A guest blog from James Phillips, Senior Marketing Manager at Titus

In the conversations I have with customers around the world, it’s clear that when it comes to data, one of the biggest challenges is being able to see where it is located. Without that critical insight, it becomes exceedingly difficult to control where data goes and what protections should be applied.

What cost, collaboration?

Gone are the days when it was good enough to simply store data on an endpoint or in a data centre protected by a firewall. The profusion of cloud services in the intervening years has definitely increased productivity and enabled collaboration, but at what cost? Control.

The number of external resources used by staff has bloomed. Unsanctioned and shadow IT web services supported by a companion app on often unpoliced mobile devices enable working on the move, which is a necessity for companies looking to a global, mobile workforce to remain competitive. And as the external ecosystem grows, there is not just data traffic up and down between cloud and enterprise but left and right within the cloud as services share data.

The weakest list

For years, when discussing cloud security, the conversation focused only on one thing: access. The idea was that if the business controlled who had access to a particular cloud service (be it public or private), then the information contained therein would be secured. However, high-profile data breaches continue apace. There will be no let up in the medium term. And there are sweaty palms on Mahogany Row. Was it really the air conditioning company that caused the breach? Or was it actually the little cloud app being used by two trusted employees that sprung a leak? As the focus turns to supply chain security resilience, we must vet all the unsanctioned tools that staff use as well as make sure the supplier whose face we know is doing the right thing.

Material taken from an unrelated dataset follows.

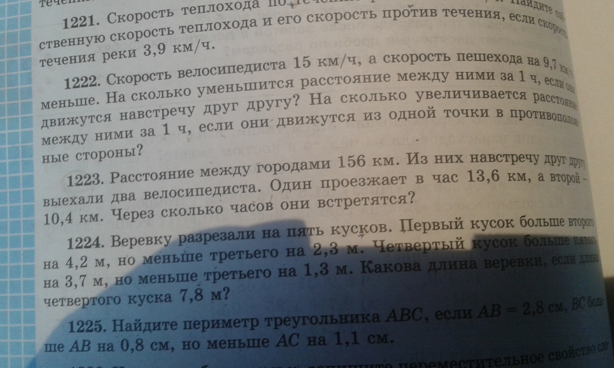 1. 13,6+10,4=24 км скорость двух велосипедистов 2. 156:24=6,5 часов Ответ: через 6,5 часов встретятся велосипедисты)))))))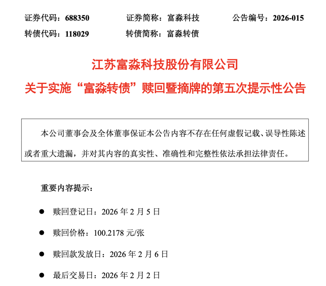 2月2日为“富淼转债”最后一个交易日,2月5日为“富淼转债”最后一个转股日。投资者所持可转债除在规定时限内通过二级市场继续交易或按照18.60元/股的转股价格进行转股外,仅能选择以100元/张的票面价值加当期应计利息(即100.2178元/张)被强制赎回。

IDC tells us that by 2020 40 per cent* of corporate information will be stored in the cloud. Meanwhile cloud native attacks continue to successfully target weak APIs or ungoverned API endpoints to gain access to data. Are software-as-a-service (SaaS) cloud suppliers being asked about security? Perhaps not as much as they should be. Meanwhile in a recent survey run by McAfee**, 69 per cent of executives surveyed said they “trust” public clouds to keep data safe, and 21 per cent “completely trust” that their data will be secure in the cloud. Is the time bomb about to stop ticking?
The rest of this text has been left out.